JAKARTA, duaempat.com – Ketua Komisi III DPR RI Habiburokhman menegaskan tidak boleh ada ruang gelap dalam penanganan kasus meninggalnya Nizam Sapei (12) di Sukabumi, Jawa Barat. Ia meminta aparat penegak hukum memastikan seluruh proses berjalan transparan, profesional, dan sesuai ketentuan perundang-undangan.

“Seluruh proses penyelidikan dan penyidikan harus dilakukan secara terbuka. Tidak boleh ada yang ditutup-tutupi,” tegasnya dalam Rapat Dengar Pendapat Umum (RDPU) di Gedung Nusantara II, Senayan, Jakarta, Senin (2/3/2026) kemarin.

Kasus ini menjadi perhatian serius Komisi III setelah muncul dugaan bahwa korban tewas akibat penyiksaan oleh ibu tirinya berinisial TR. Selain itu, dalam forum rapat juga terungkap dugaan penelantaran terhadap korban selama tinggal bersama ayah kandungnya.

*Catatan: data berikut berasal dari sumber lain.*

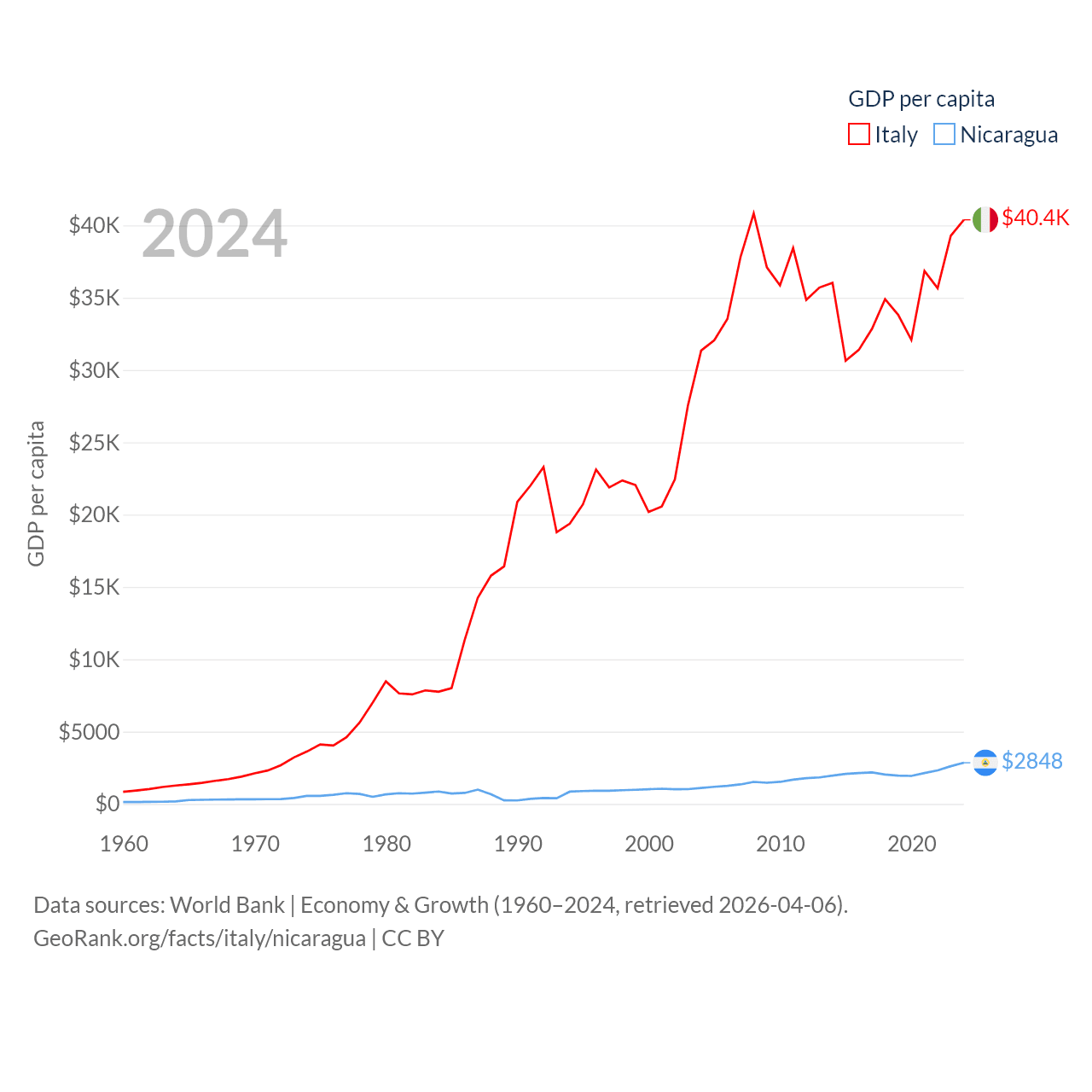 By GDP, Italy ranks 8/197 ($2.38T) and Nicaragua ranks 131/197 ($19.7B). By GDP per capita, Italy ranks 29/197 ($40,385), while Nicaragua ranks 141/197 ($2,848).
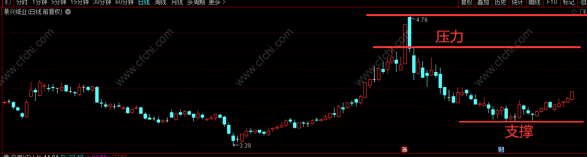 股票支撑位和压力位在k线上怎么看:
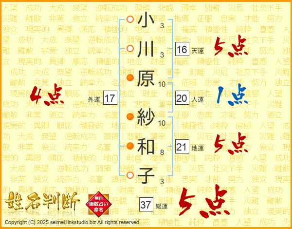 生活面を象徴する運勢です。外部から受ける影響力を表し、結婚運、家庭運や職場、環境への順応性を表します。総運から人運を引いた画数。姓や名が1文字の場合を除く。
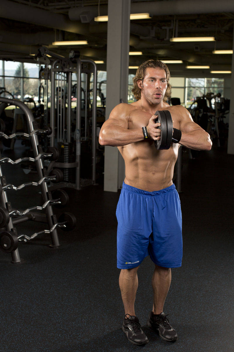 - Press two lightweight plates together with your hands. Hold the plates together close to your chest to create an isometric contraction in your chest muscles. Your fingers should be pointed forward. This is your starting position.
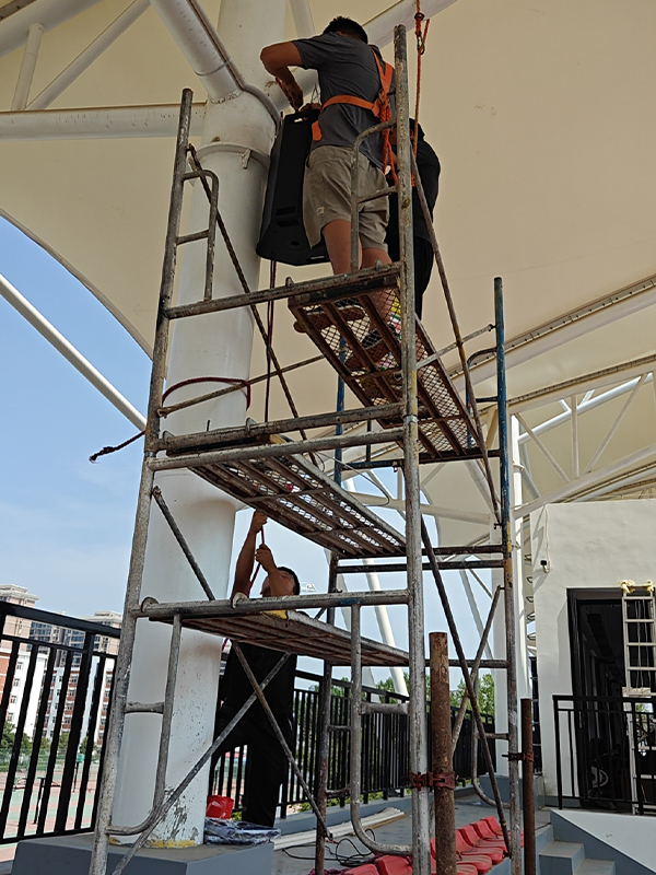 3.安装的稳定性:音响设备的安装应牢固可靠,能够应对风雨等恶劣天气条件,防止设备因暴风雨损坏或脱落。
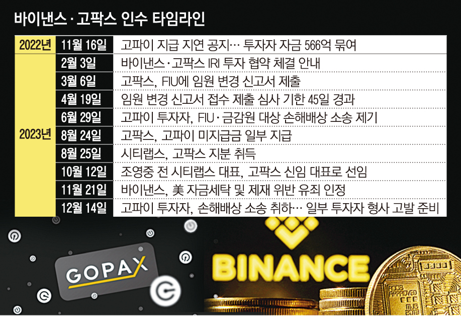 고파이 투자자들은 금융당국이 법적 근거 없이 바이낸스의 인수 및 국내 진출을 막고 있다고 주장한다. 대주주인 바이낸스와 미국 규제 당국 간의 법률문제는 현행 특정금융정보법상 변경 신고 불수리 사유에 해당하지 않는다는 주장이다. 손해배상 소송을 담당했던 재판부 역시 이러한 시각을 공유했다는 게 투자자들의 설명이다.

Dalam RDP dan RDPU yang menghadirkan Kapolres Kabupaten Sukabumi, keluarga korban, serta kuasa hukum, DPR menekankan pentingnya pendalaman menyeluruh atas seluruh dugaan tindak pidana. Termasuk kemungkinan penerapan Undang-Undang Perlindungan Anak dan pasal-pasal dalam KUHP.

Mira Widyawati, anggota tim kuasa hukum Lisnawati selaku ibu kandung korban, memaparkan kronologi kejadian berdasarkan keterangan keluarga. Ia berharap perkara tersebut diusut tuntas dan memberikan keadilan bagi almarhum serta keluarganya.

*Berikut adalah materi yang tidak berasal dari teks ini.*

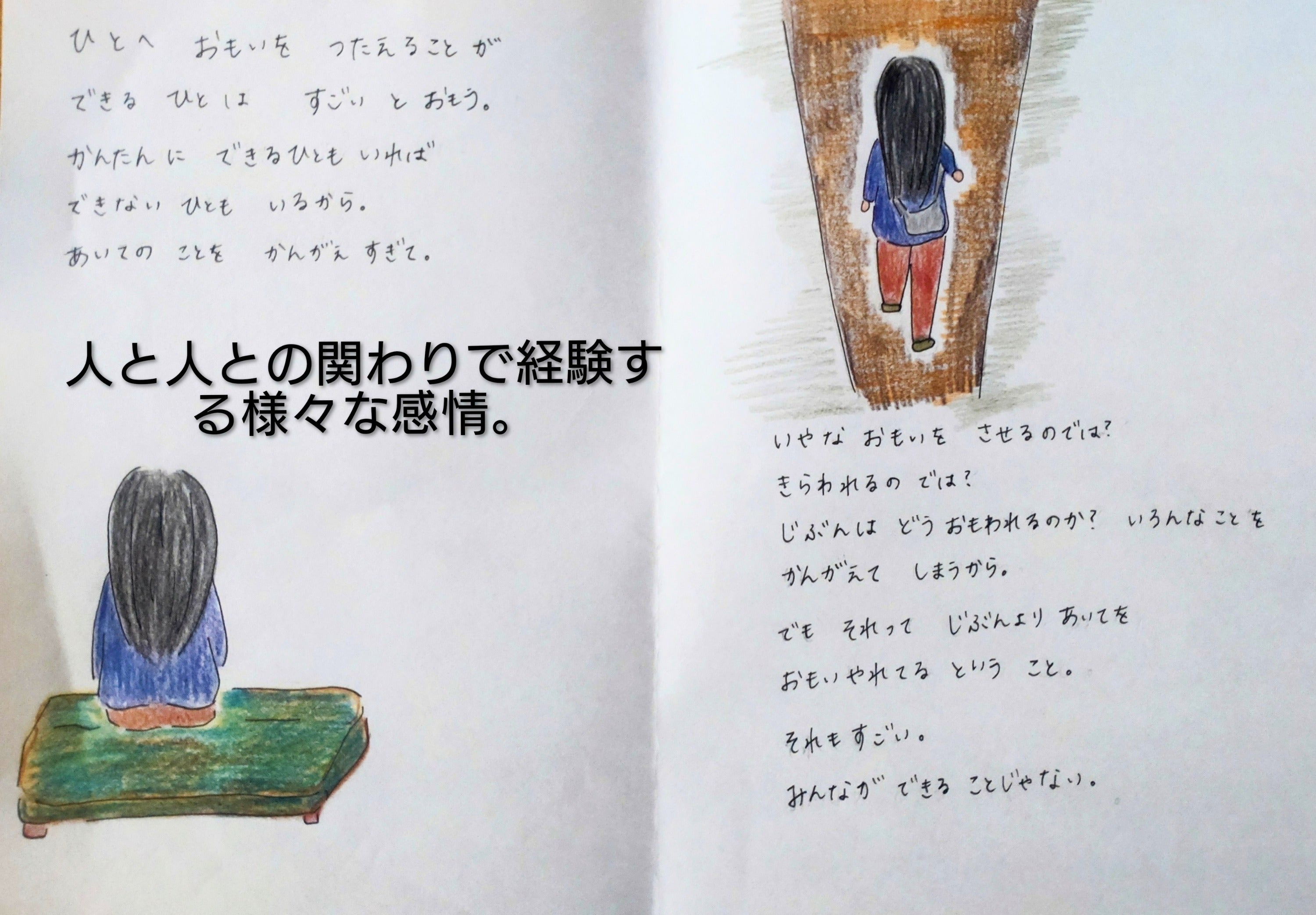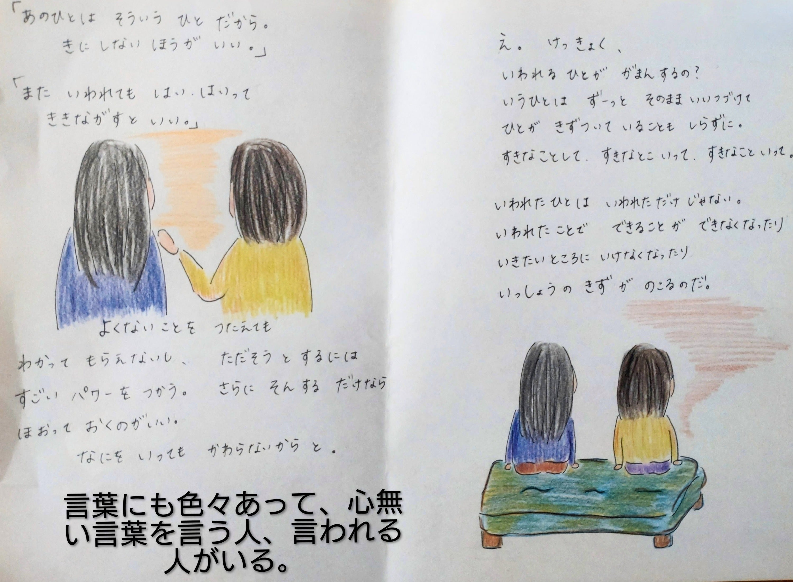 言葉で思いを伝えることや人間関係の難しさをテーマにした絵本『いうひといわれるひと」を拝見しました。作者自身や子どもが実際に経験した人間関係とそれに伴う想いが基になっているとのことで、非常に現実的かつ切実な内容です。自分自身の対人スキルやコミュニケーション能力に至らぬ思いを抱いていたり、他人を傷付けるような言葉を平気で使う同じコミュニティに属する者との関係に悩んでいる人などから、共感を得られそうな作品だと感じました。

Komisi III juga meminta aparat kepolisian memberikan laporan perkembangan perkara secara berkala kepada publik agar tidak menimbulkan spekulasi. Perlindungan terhadap saksi dan pihak-pihak yang memberikan keterangan pun menjadi sorotan agar proses hukum berlangsung tanpa tekanan maupun intimidasi.

Legislator Fraksi Partai Gerindra itu memastikan Komisi III akan terus menjalankan fungsi pengawasan hingga kasus tersebut memperoleh kepastian hukum.

“Penegakan hukum harus berpihak pada keadilan, terutama ketika menyangkut hak dan keselamatan anak,” tegasnya.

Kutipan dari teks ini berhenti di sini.